SOURCE RECORDS >>
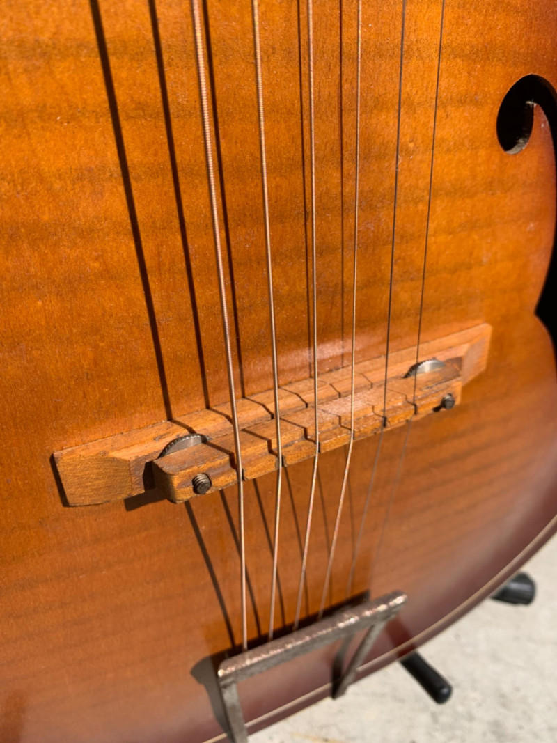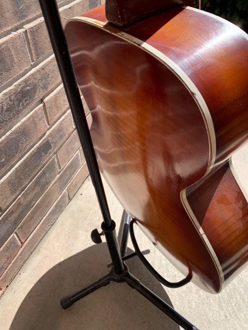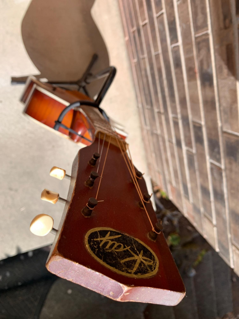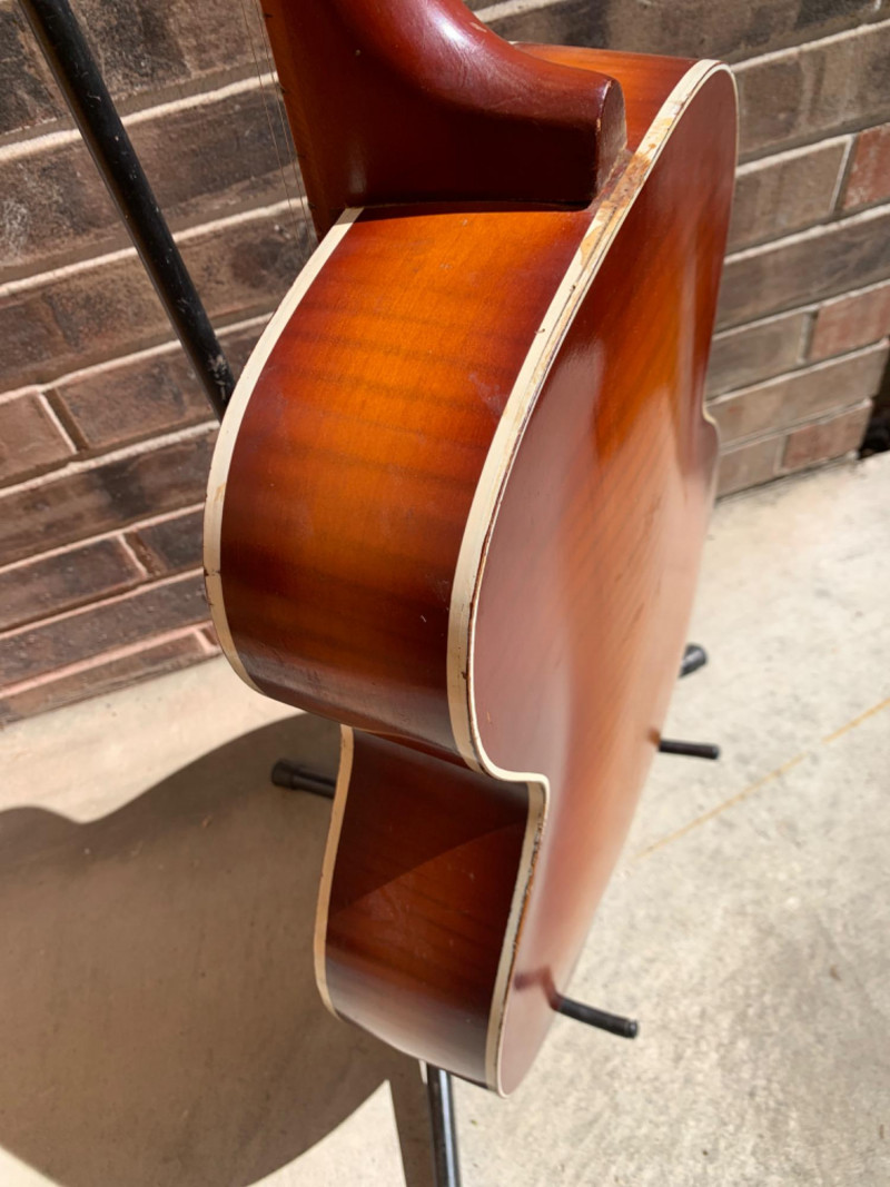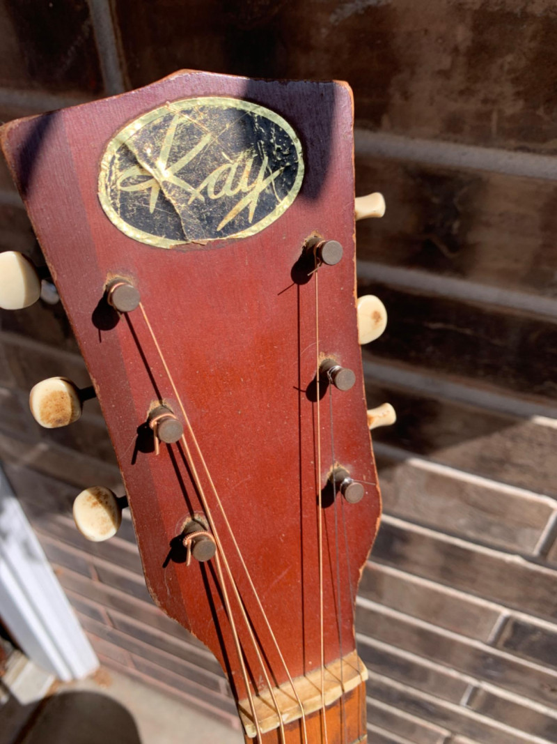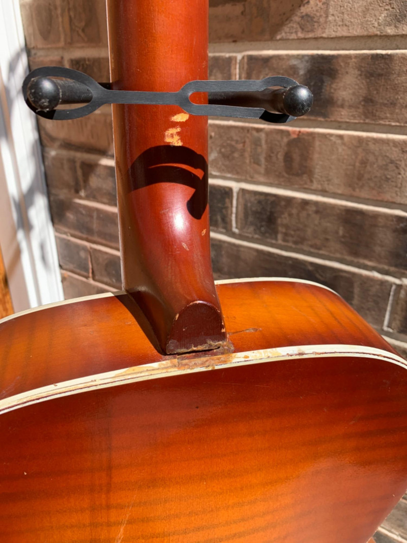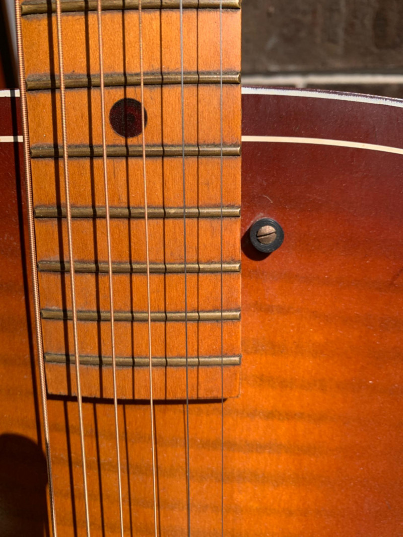 Kay Archtop Acoustic Project Guitar from the mid-20th century. Key features and details about this type of guitar include Archtop Design. It features an arched top and back, which is characteristic of archtop guitars and contributes to its acoustic properties. Kay was a well-established Chicago-based company known for supplying instruments to retailers. Vintage Condition! The guitar shows signs of age, consistent with vintage instruments, scuffs and dings. The neck is pulling away from the body. There is a gap. The guitar will need a neck reset and it is being sold as a project guitar.
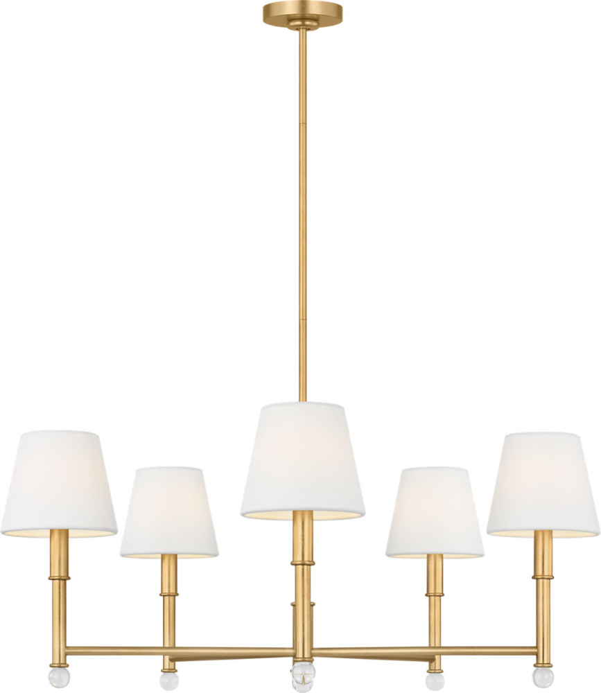 The Greard 33" Chandelier by Alexa Hampton captures the essence of the collection’s elevated and refined aesthetic in a mid-sized form. Suspended With poise, its natural linen shades diffuse light With warmth, while the clear decorative ball detail adds a subtle layer of glamour. This chandelier's balanced 33" profile is ideal for bedrooms, foyers, breakfast nooks, and smaller dining areas, offering a sculptural presence that complements both contemporary and transitional interiors. Its sleek silhouette and quiet sophistication reflect Hampton’s modern take on traditional design.
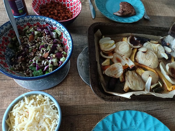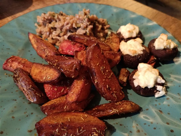 Zaterdag 14 februari: Kwart voor zeven. Redelijk geslapen. Koffie, ontbijt. Begin van de morgen loop ik de gebruikelijke zaterdagmorgenronde langs slager en super. Dan nogmaals het centrum in voor een bezoek aan de Syrische winkel. Koffie met De Vrouw. Lezen. Meer koffie met De Vrouw. Lunch. Afwasje en huishoudelijks. Ik wandel een rondje langs kanaal en door park. Thuis uitrusten. Eind van de middag maak ik avondeten. Zaterdaggroenten in de oven: aardappel, bataat, pastinaak, wortel en met feta gevulde kastanjechampignon. Salade van bosui, bleekselderij, koolrabi, rode kool, komkommer en kaki. Voor De Vrouw bak ik steak bavette. We eten de groenten op en het restant salade is voor morgen. Natafelen. Afwasje. Lezen. Webstek. Lezen. Muziek vandaag: That Which Passes – 1995 Soundscapes – Live Volume 3 (Robert Fripp), November Suite – Soundscapes – Live At Green Park Station 1996 (Robert Fripp), Philly ’76 (Frank Zappa), het eerste plaatje uit Flashback (Electric Light Orchestra)
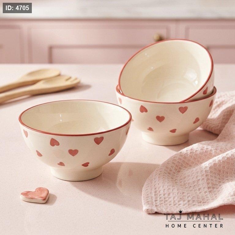 صحنين زبادي بورسلان بنقوش قلوب حمراء
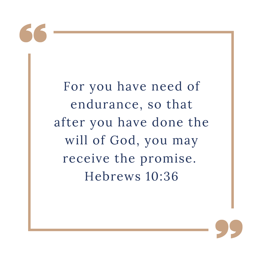 For you have need of endurance, so that after you have done the will of God, you may receive the promise. Hebrews 10:36
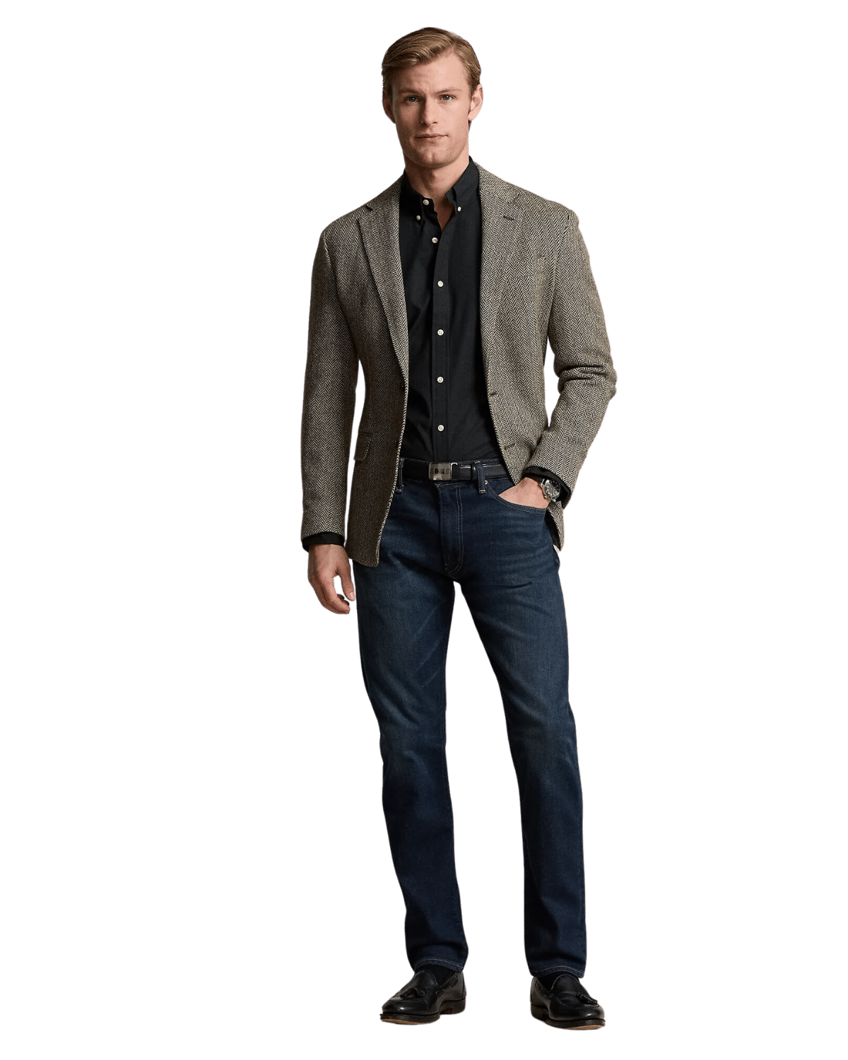 הגזרה המחויטת (classic fit)  צמודה לגוף מדגישה את קווי הגוף בצורה מחמיאה, בעוד הצווארון המכופתר והכפתורים בחזית מוסיפים למראה המסודר והיוקרתי.
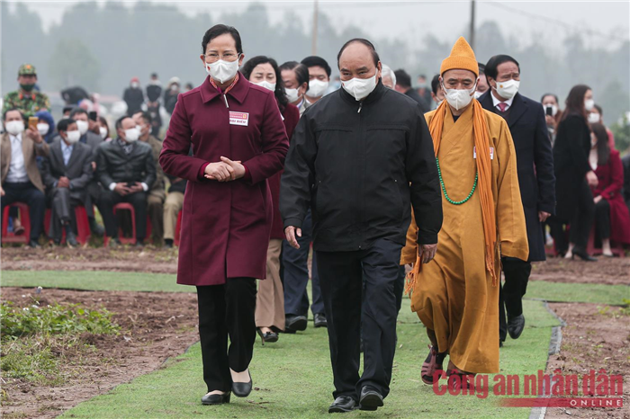 Chủ tịch nước Nguyễn Xuân Phúc cùng các đại biểu tiến lên đàn tế làm lễ dâng hương
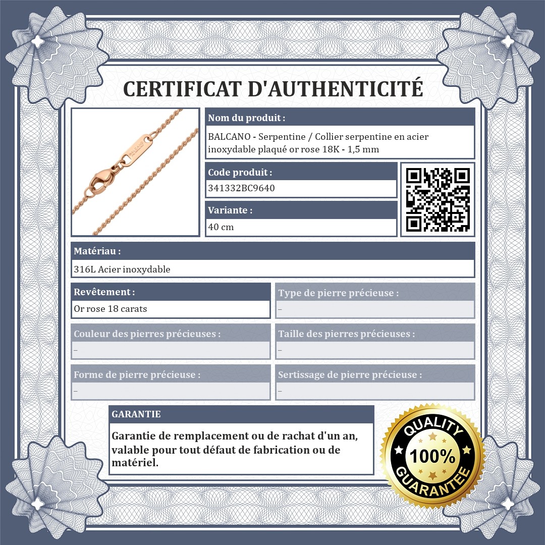 BALCANO - Serpentine / Collier serpentine en acier inoxydable plaqué or rose 18K - 1,5 mm
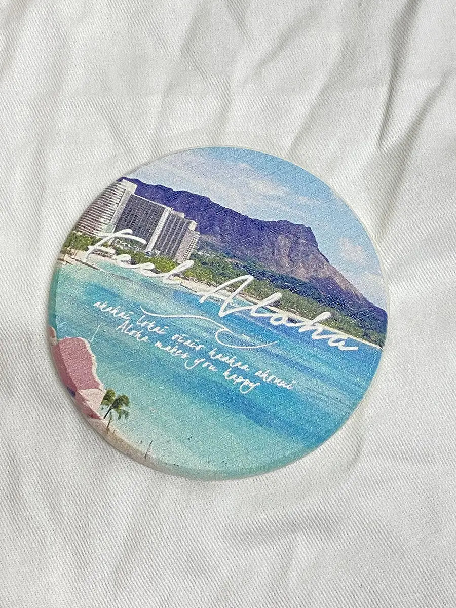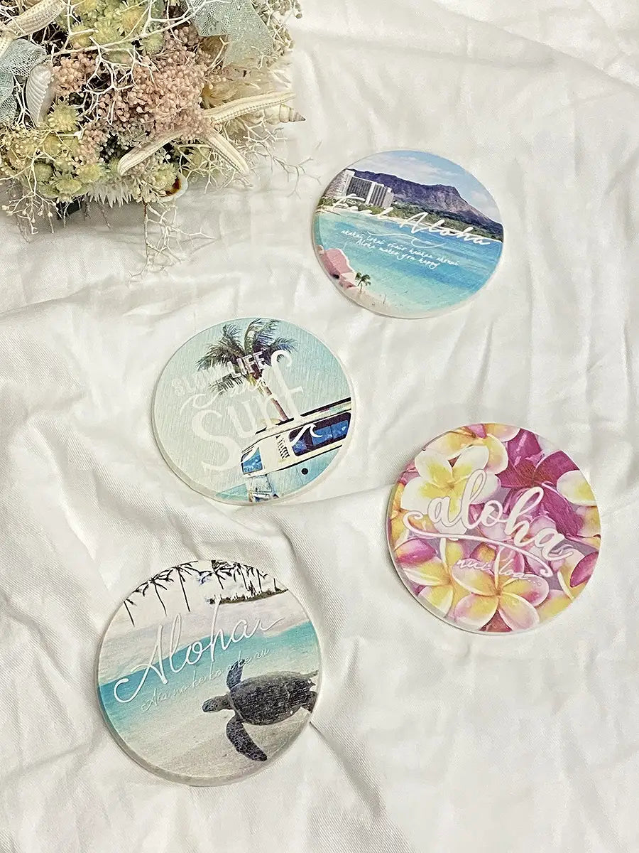 ハワイの風景がプリントされた、とっても可愛い珪藻土コースターです。
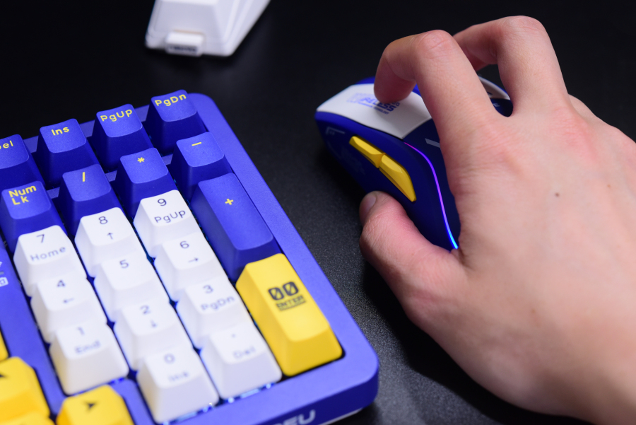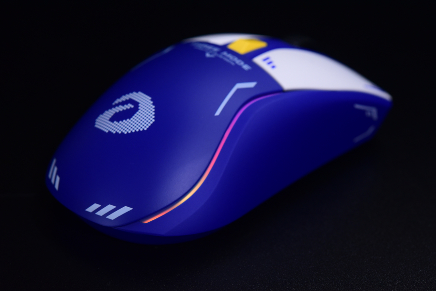 鼠标整体蓝白配色,加上黄色的小键点缀,鼠标表面还有很多机甲风设计的元素图案,视觉上具有突出的辨识感,看起来还是挺帅的。
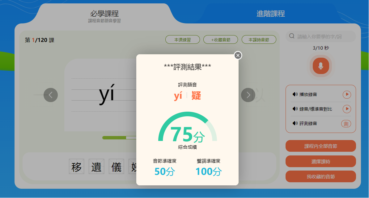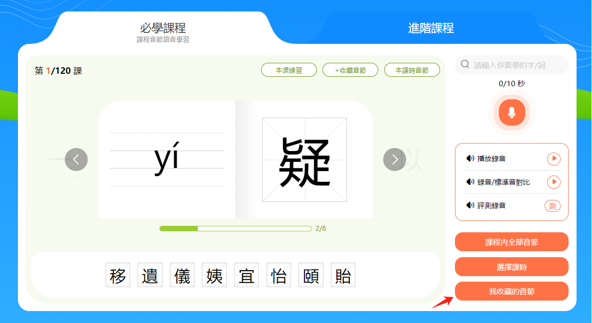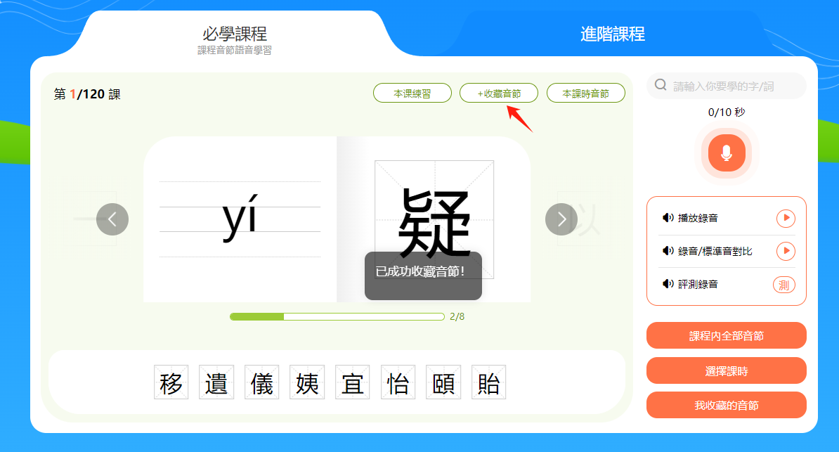 學生可將較難的音節或容易出錯的音節收藏起來,以便後期進行複習。
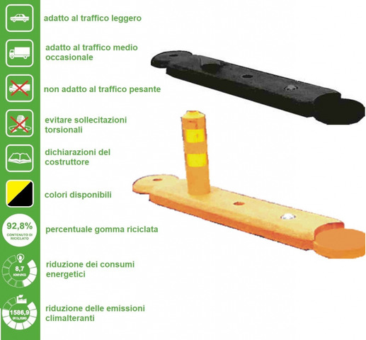 Il cordolo è realizzato in gomma riciclata. Il prodotto è di facile installazione, la giunzione tra gli elementi risulta continua, gli elementi imperniati dal tassello di fissaggio (tre in dotazione) possono essere facilmente angolati. Si possono installare facilmente marker edelineatori flessibili cilindrici rifrangenti (optional). UtilitàIl prodotto, avendo una sezione antiribaltamento, è adatto per la realizzazione di isole di traffico e la perimetrazione dei marciapiedi.MaterialiGomma riciclata.ColoriGli elementi in gomma sono di colore nero, possono essere rivestiti con uno strato di poliuretano elastomerico colore giallo.FissaggioTasselli 14x120 (3 inclusi).Caratteristiche tecnichemm1000x170x49h.Norme di riferimentoD.M.n.203 DEL 08/05/2003Codice della Strada (D.Lgs del 30 aprile 1992, n. 285 e successivi aggiornamenti);Decreto del Presidente della Repubblica n.610/96;Ministero delle Infrastrutture e dei Trasporti Note Ispettorato prot.3151/2.
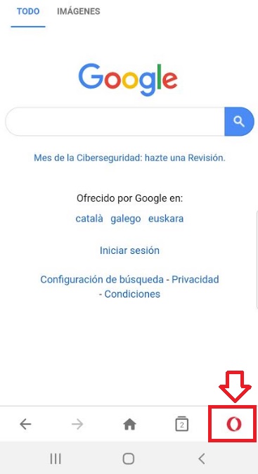Una vez con el navegador abierto, pulsa en el icono con el logotipo de Opera que aparece en la esquina inferior derecha de la pantalla (tiene la apariencia de una “O” de color rojo).
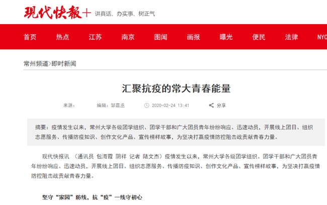 现代快报讯 (通讯员 包海霞 阴祥 记者 陆文杰)疫情发生以来,常州大学各级团学组织、团学干部和广大团员青年纷纷响应、迅速动员,开展线上团日、组织志愿服务、传播防疫知识、创作文化产品、宣传榜样故事,为坚决打赢疫情防控阻击战贡献青春力量。
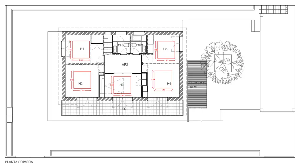 La villa tiene cinco dormitorios (10 personas para dormir) en la primera planta, así como dos baños.

WORK ITEM >> The reply should repeat the listing above exactly and contain no pictures.

SOLUTION TO THE EXERCISE >>
 Kay Archtop Acoustic Project Guitar from the mid-20th century. Key features and details about this type of guitar include Archtop Design. It features an arched top and back, which is characteristic of archtop guitars and contributes to its acoustic properties. Kay was a well-established Chicago-based company known for supplying instruments to retailers. Vintage Condition! The guitar shows signs of age, consistent with vintage instruments, scuffs and dings. The neck is pulling away from the body. There is a gap. The guitar will need a neck reset and it is being sold as a project guitar.
 The Greard 33" Chandelier by Alexa Hampton captures the essence of the collection’s elevated and refined aesthetic in a mid-sized form. Suspended With poise, its natural linen shades diffuse light With warmth, while the clear decorative ball detail adds a subtle layer of glamour. This chandelier's balanced 33" profile is ideal for bedrooms, foyers, breakfast nooks, and smaller dining areas, offering a sculptural presence that complements both contemporary and transitional interiors. Its sleek silhouette and quiet sophistication reflect Hampton’s modern take on traditional design.
 Zaterdag 14 februari: Kwart voor zeven. Redelijk geslapen. Koffie, ontbijt. Begin van de morgen loop ik de gebruikelijke zaterdagmorgenronde langs slager en super. Dan nogmaals het centrum in voor een bezoek aan de Syrische winkel. Koffie met De Vrouw. Lezen. Meer koffie met De Vrouw. Lunch. Afwasje en huishoudelijks. Ik wandel een rondje langs kanaal en door park. Thuis uitrusten. Eind van de middag maak ik avondeten. Zaterdaggroenten in de oven: aardappel, bataat, pastinaak, wortel en met feta gevulde kastanjechampignon. Salade van bosui, bleekselderij, koolrabi, rode kool, komkommer en kaki. Voor De Vrouw bak ik steak bavette. We eten de groenten op en het restant salade is voor morgen. Natafelen. Afwasje. Lezen. Webstek. Lezen. Muziek vandaag: That Which Passes – 1995 Soundscapes – Live Volume 3 (Robert Fripp), November Suite – Soundscapes – Live At Green Park Station 1996 (Robert Fripp), Philly ’76 (Frank Zappa), het eerste plaatje uit Flashback (Electric Light Orchestra)
 صحنين زبادي بورسلان بنقوش قلوب حمراء
 For you have need of endurance, so that after you have done the will of God, you may receive the promise. Hebrews 10:36
 הגזרה המחויטת (classic fit)  צמודה לגוף מדגישה את קווי הגוף בצורה מחמיאה, בעוד הצווארון המכופתר והכפתורים בחזית מוסיפים למראה המסודר והיוקרתי.
 Chủ tịch nước Nguyễn Xuân Phúc cùng các đại biểu tiến lên đàn tế làm lễ dâng hương
 BALCANO - Serpentine / Collier serpentine en acier inoxydable plaqué or rose 18K - 1,5 mm
 ハワイの風景がプリントされた、とっても可愛い珪藻土コースターです。
 鼠标整体蓝白配色,加上黄色的小键点缀,鼠标表面还有很多机甲风设计的元素图案,视觉上具有突出的辨识感,看起来还是挺帅的。
 學生可將較難的音節或容易出錯的音節收藏起來,以便後期進行複習。
 Il cordolo è realizzato in gomma riciclata. Il prodotto è di facile installazione, la giunzione tra gli elementi risulta continua, gli elementi imperniati dal tassello di fissaggio (tre in dotazione) possono essere facilmente angolati. Si possono installare facilmente marker edelineatori flessibili cilindrici rifrangenti (optional). UtilitàIl prodotto, avendo una sezione antiribaltamento, è adatto per la realizzazione di isole di traffico e la perimetrazione dei marciapiedi.MaterialiGomma riciclata.ColoriGli elementi in gomma sono di colore nero, possono essere rivestiti con uno strato di poliuretano elastomerico colore giallo.FissaggioTasselli 14x120 (3 inclusi).Caratteristiche tecnichemm1000x170x49h.Norme di riferimentoD.M.n.203 DEL 08/05/2003Codice della Strada (D.Lgs del 30 aprile 1992, n. 285 e successivi aggiornamenti);Decreto del Presidente della Repubblica n.610/96;Ministero delle Infrastrutture e dei Trasporti Note Ispettorato prot.3151/2.
Una vez con el navegador abierto, pulsa en el icono con el logotipo de Opera que aparece en la esquina inferior derecha de la pantalla (tiene la apariencia de una “O” de color rojo).
 现代快报讯 (通讯员 包海霞 阴祥 记者 陆文杰)疫情发生以来,常州大学各级团学组织、团学干部和广大团员青年纷纷响应、迅速动员,开展线上团日、组织志愿服务、传播防疫知识、创作文化产品、宣传榜样故事,为坚决打赢疫情防控阻击战贡献青春力量。
 La villa tiene cinco dormitorios (10 personas para dormir) en la primera planta, así como dos baños.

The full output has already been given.